TASK ITEM
Return the lines below exactly, from the first line to the line that contains "Pro Tip: If". Leave out pictures.

SUPPLIED DATA
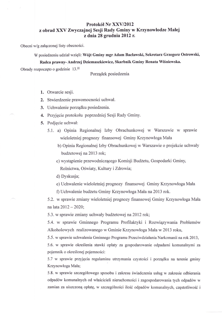 Protokół Nr XXV-2012 - URZąD GMINY W KRZYNOWłODZE
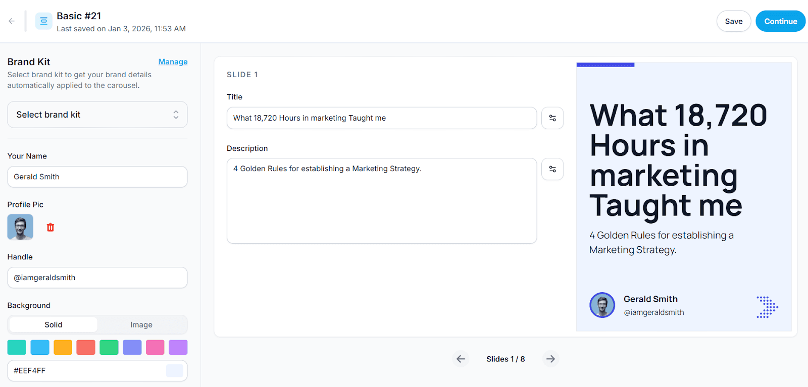 Pro Tip: If you’re creating LinkedIn carousels manually, duplicate the first slide to maintain brand consistency throughout the carousel.
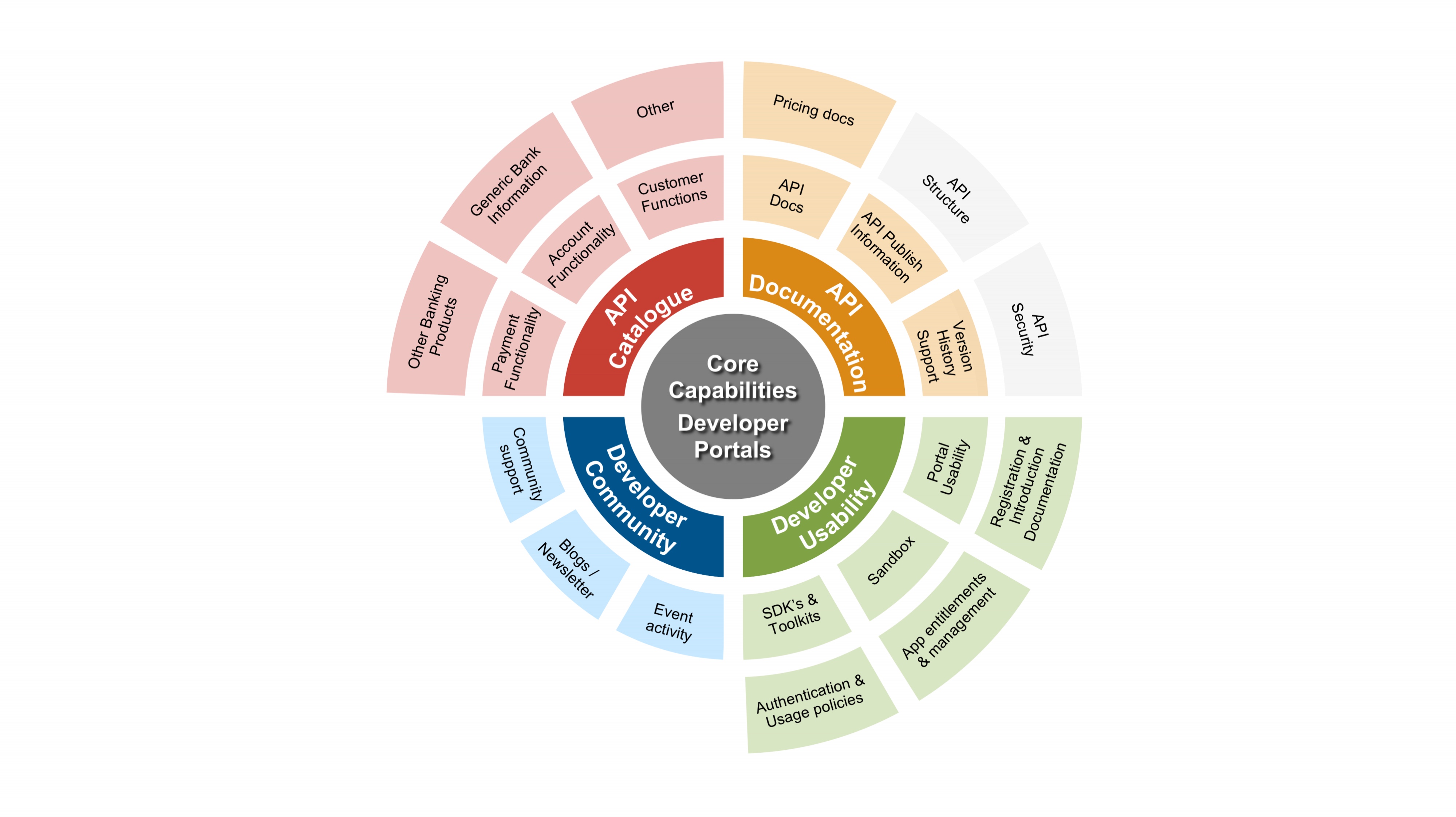 في تقييم القدرة ، نركز على جوانب محددة من استراتيجية الخدمات المصرفية المفتوحة ، أي الثراء الوظيفي لواجهات برمجة التطبيقات المقدمة (مثل النطاق الوظيفي) ومدى قدرة الأطراف الثالثة على التفاعل مع واجهات برمجة التطبيقات هذه بطريقة سلسة (مثل تجربة المطور). بوابة مطوري واجهة برمجة التطبيقات للبنك هي المكان الذي تجتمع فيه هذه الجوانب معًا.

ANSWER
 Protokół Nr XXV-2012 - URZąD GMINY W KRZYNOWłODZE
 Pro Tip: If you’re creating LinkedIn carousels manually, duplicate the first slide to maintain brand consistency throughout the carousel.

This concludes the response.